*Exercise*. Copy down every line of the data that follows exactly. Omit the pictures.

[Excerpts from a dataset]
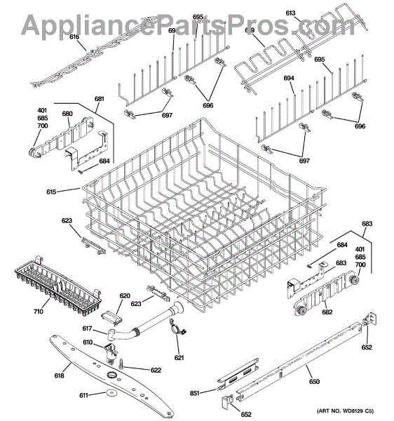This part is an upper dishrack assembly for dishwashers. The purpose of this part is to hold dishes and cookware during the washing process. There are two dish racks per unit, and this particular dishrack goes on the top of the unit. The lower dishrack assembly is sold separately. Over time, the upper dishrack assembly may rust due to the coating breaking down and water corroding the metal. If this happens, the dishrack assembly will become brittle and less structurally sound and will need to be replaced. If the attached rails have broken and will not attach to the sides of the dishwasher and slide appropriately, this part may need to be replaced.This upper dishrack assembly is compatible with dishwashers that are manufactured by the GE and Whirlpool brands. This particular component is an OEM part that is sourced directly from the manufacturer and is sold individually.
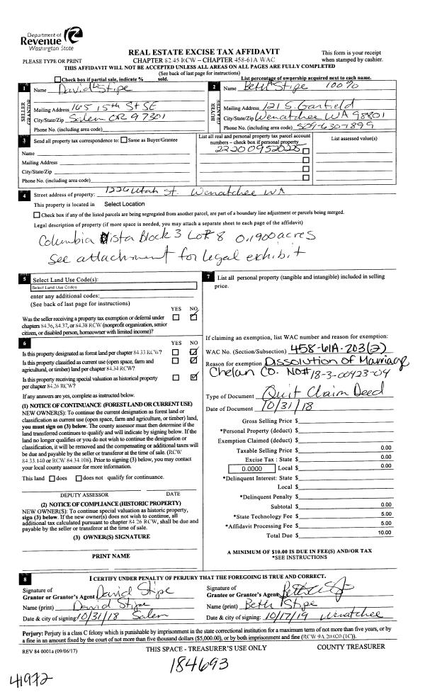 | 1 | 10/17/2019 | Q | Quit Claim Deed | STIPE BETH A & DAVID L | STIPE BETH A | | | $0.00 | 184693 | 2504558 |
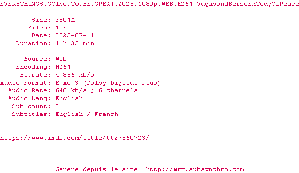 Voir le nfo de la release EVERYTHINGS.GOING.TO.BE.GREAT.2025.2160p.WEB.H265-VagabondBerserkTodyOfPeace
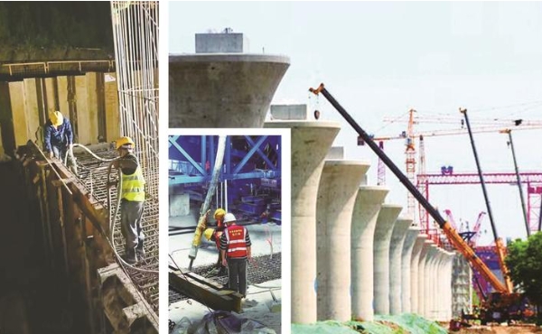 25日0时20分,随着最后一车混凝土浇筑,由中铁大桥局承建的崇明特大桥525号墩承台浇筑完成,标志着崇明特大桥江苏段承台浇筑全部完成。崇明特大桥是上海至南京至合肥高铁沪宁段站前V标重点工程,正线总长19.072千米,由24米/32米跨预制简支梁桥、577片预制箱梁,以及一座2台6线建设标准崇明车站和10座跨路、跨河大跨度节点桥梁组成。截至目前,崇明特大桥施工红线跨上海崇明区、江苏启东市两地。崇明特大桥(一分部)钻孔桩2141根,承台、墩身259座。其中江苏段钻孔桩376根,已完成376根,占100%,承台、墩身45座,目前承台完成45座,占100%,墩身完成44座,占97.7%。
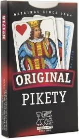 Klasične igralne karte Piketi s kompletom 32 listov v praktični škatlici 7 × 11 cm za enostavno prenašanje. Idealne za mariáš, prši, sedmo in druge priljubljene kartne igre. Kakovosten tisk in tradicionalne slikovne karte zagotavljajo dobro berljivost in dolgo življenjsko dobo.

*Expected answer*.
This part is an upper dishrack assembly for dishwashers. The purpose of this part is to hold dishes and cookware during the washing process. There are two dish racks per unit, and this particular dishrack goes on the top of the unit. The lower dishrack assembly is sold separately. Over time, the upper dishrack assembly may rust due to the coating breaking down and water corroding the metal. If this happens, the dishrack assembly will become brittle and less structurally sound and will need to be replaced. If the attached rails have broken and will not attach to the sides of the dishwasher and slide appropriately, this part may need to be replaced.This upper dishrack assembly is compatible with dishwashers that are manufactured by the GE and Whirlpool brands. This particular component is an OEM part that is sourced directly from the manufacturer and is sold individually.
 | 1 | 10/17/2019 | Q | Quit Claim Deed | STIPE BETH A & DAVID L | STIPE BETH A | | | $0.00 | 184693 | 2504558 |
 Voir le nfo de la release EVERYTHINGS.GOING.TO.BE.GREAT.2025.2160p.WEB.H265-VagabondBerserkTodyOfPeace
 25日0时20分,随着最后一车混凝土浇筑,由中铁大桥局承建的崇明特大桥525号墩承台浇筑完成,标志着崇明特大桥江苏段承台浇筑全部完成。崇明特大桥是上海至南京至合肥高铁沪宁段站前V标重点工程,正线总长19.072千米,由24米/32米跨预制简支梁桥、577片预制箱梁,以及一座2台6线建设标准崇明车站和10座跨路、跨河大跨度节点桥梁组成。截至目前,崇明特大桥施工红线跨上海崇明区、江苏启东市两地。崇明特大桥(一分部)钻孔桩2141根,承台、墩身259座。其中江苏段钻孔桩376根,已完成376根,占100%,承台、墩身45座,目前承台完成45座,占100%,墩身完成44座,占97.7%。
 Klasične igralne karte Piketi s kompletom 32 listov v praktični škatlici 7 × 11 cm za enostavno prenašanje. Idealne za mariáš, prši, sedmo in druge priljubljene kartne igre. Kakovosten tisk in tradicionalne slikovne karte zagotavljajo dobro berljivost in dolgo življenjsko dobo.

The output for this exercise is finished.